What I tried myself: Part the logarithm from the rest and and exponentiate (with $e = \exp(1)$) $$ \frac{c-x}{x-1} = e^{-\frac{c-1}{x-c}}$$ That's messy, so substitute $$u = -\frac{c-1}{x-c}$$ and $$v = \frac{\left(c - x\right)^2}{\left(c - 1\right) \left(x - 1\right)} $$ to get $$ \frac{u}{e^u} = \frac{1}{v} $$ That gives $$u = -\mathrm{W}\left(-\frac{1}{v}\right)$$ ($\mathrm{W}$ is Lambert's W-function) with the attached condition $v \not= 0$ which is further restricted to $e \le v $ to get a real solution. But $v$ does not hold the stricter condition $e \le v $ which gives me the faint idea that I must have made something wrong somewhere, somehow, probably right in the beginning.

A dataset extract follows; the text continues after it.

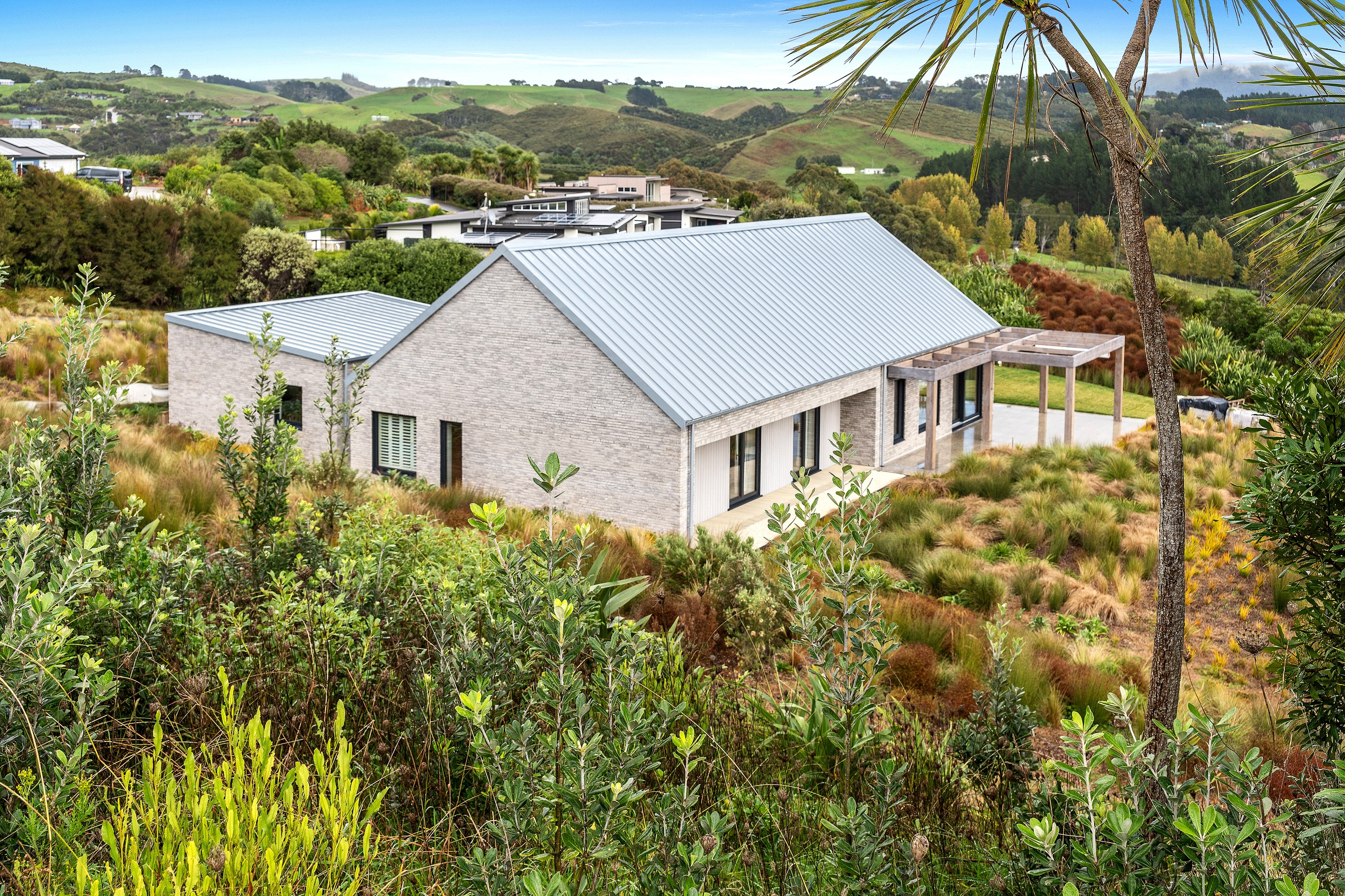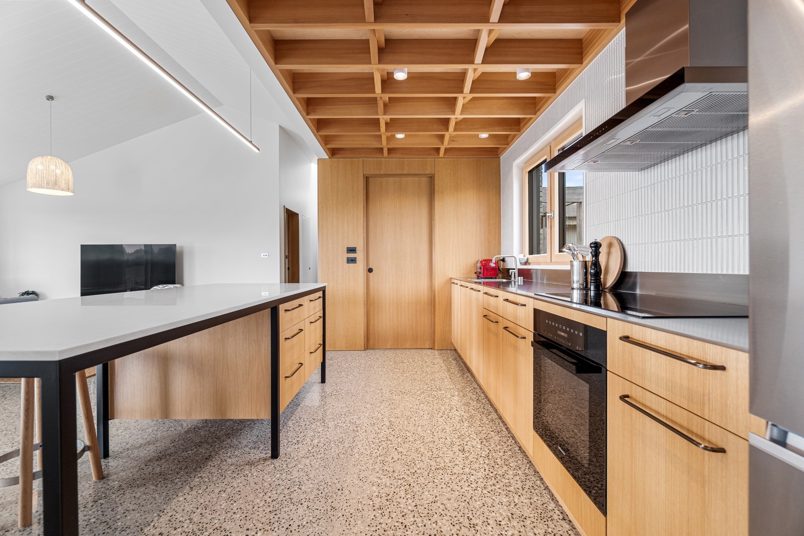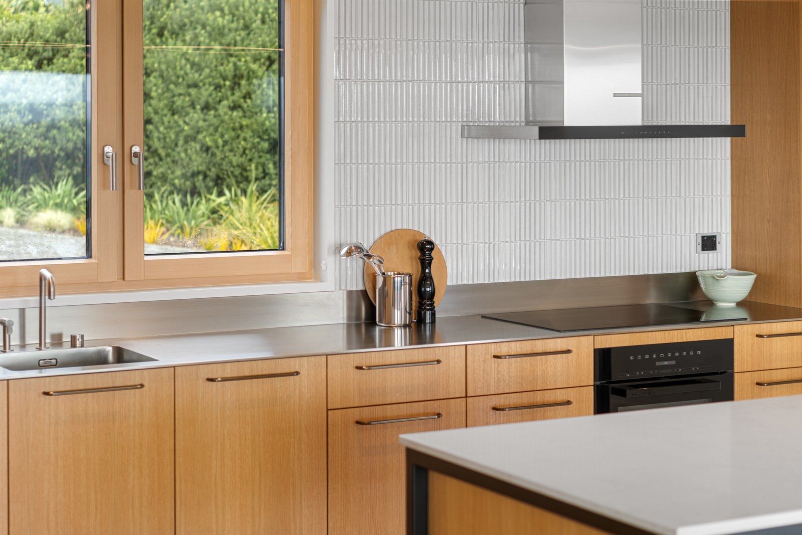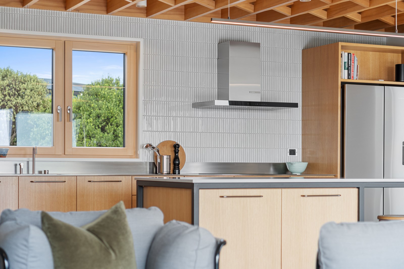 Years of planning went into this 221sqm three-bedroom home, named Āhuru, and it shows. The architect-designed, recently certified, Passive House above Raglan Harbour is a showcase of energy efficiency, sustainability, craftsmanship, bespoke details and fresh, pared-back style. Once the owners had decided on their plans, the project was put in the hands of Brown Construction, who have the regional eHaus licence. The team concentrate on high-performance builds that step lightly on the land. This project required detailed methods and adherence to Passive House design and building principles. Solar energy, gathered from 24 panels and stored by a Tesla Powerwall, runs energy-efficient appliances to assist in maintaining a constant indoor temperature.

I don't even know if an analytic solution exists.
Let $y=\frac{c-x}{x-1}$. Then, $x=\frac{y+c}{y+1}$ and $\frac{c-1}{x-c}=-\left(\frac{y+1}{y}\right)$. Therefore, we can write $\frac{c-1}{x-c}+\log\left(\frac{c-x}{x-1}\right)=0$ in terms of $y$ as
$$\log y=1+\frac1y \tag 1$$
From $(1)$, it is easy to show that
$$\frac1e=\frac1y e^{1/y} \tag 2$$
Inasmuch as the definition of the Lambert W Function is defined by the equation $z=W(z)e^{W(z)}$, solution to $(2)$ is given by
$$\begin{align} y&=W^{-1}\left(\frac1e\right) \tag 3\\\\ &\approx 3.59111829181573 \end{align}$$
where the notation $W^{-1}(z)$ denoted the reciprocal of $W(z)$. Solving $(3)$ for $x$ yields
$$\bbox[5px,border:2px solid #C0A000]{x=\frac{1+cW\left(\frac1e\right)}{1+W\left(\frac1e\right)}}$$